The major advantage of using qubits (quantum bits) and quantum algorithms, against the classical ones, is that they are by essence fully parallelized since we are dealing with entangled states. Also, the sampling space grows with $2^n$, where $n$ is the number of qubits. That is the key: use the massive power of parallelism to perform tasks a classical (super)computer would suffer to do.
Since materials modeling relies on dealing with complex systems with lots of interactions, quantum computing can be thought of as a tool we should take care of. The main obstacles nowadays are the lack of specific algorithms for material modeling.
There are some efforts to adapt the classical algorithms, where the time-consuming parts such as the minimization problems are done by the quantum computer, and efforts to create new algorithms from scratch.
Qiskit from IBM is
an open-source quantum computing software development framework for leveraging today's quantum processors in research, education, and business.

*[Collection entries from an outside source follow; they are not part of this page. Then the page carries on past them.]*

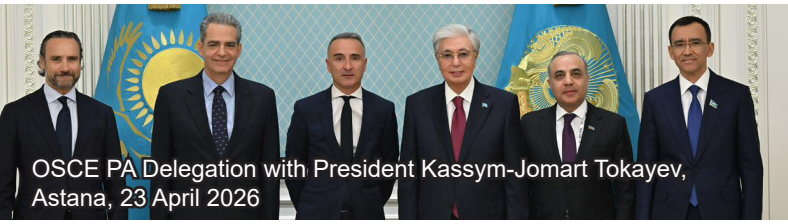
OSCE PA Delegation with President Kassym-Jomart Tokayev, Astana, 23 April 2026
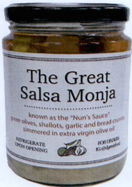
Figure 2. Unregistered THE GREAT Salsa Monja
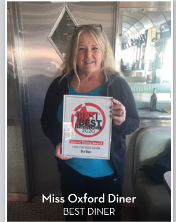
Miss Oxford Diner BEST DINER
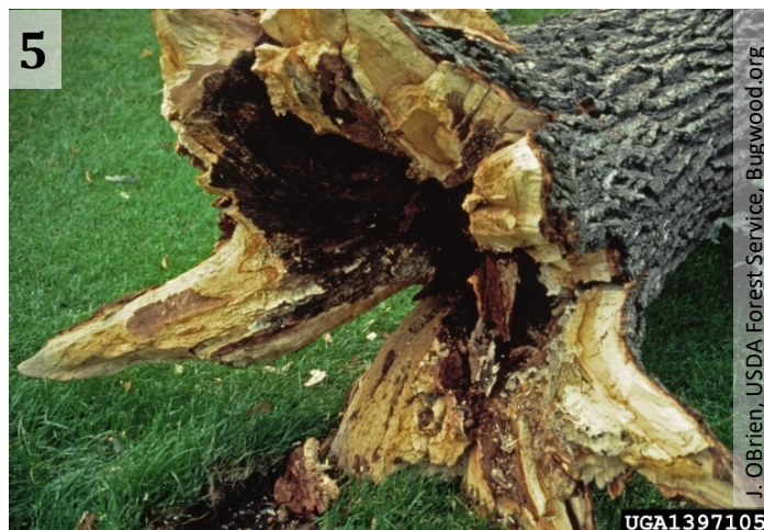
Armillaria causes root and butt rot, creating hazardous trees that are easily windthrown.
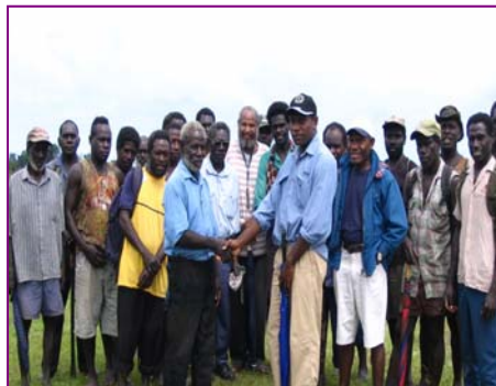
Officials Open Tonu airport, a funded development.

A fully pledged Meekamui Defense Force has been allocated K16 Billion to be followed closely by Foreign Affairs, Education, Health, Forest, Environment and Conservation, Housing, Public Service, Home Affairs and Land, Air and Sea Transport

One of its components is the Qiskit AQUA. It is a
package contains the core cross-domain algorithms and supporting logic to run these on a quantum backend, whether a real device or simulator.
Aqua includes the Chemistry package, a specific library for quantum chemistry in (IBM's) quantum computers.
The qiskit.chemistry package supports problems including ground state energy computations, excited states and dipole moments of molecule, both open and closed-shell.
The code comprises chemistry drivers, which when provided with a molecular configuration will return one and two-body integrals as well as other data that is efficiently computed classically. This output data from a driver can then be used as input to the chemistry module that contains logic which is able to translate this into a form that is suitable for quantum algorithms. The conversion first creates a FermionicOperator which must then be mapped, e.g. by a Jordan Wigner mapping, to a qubit operator in readiness for the quantum computation.
Therefore, this is still an open question.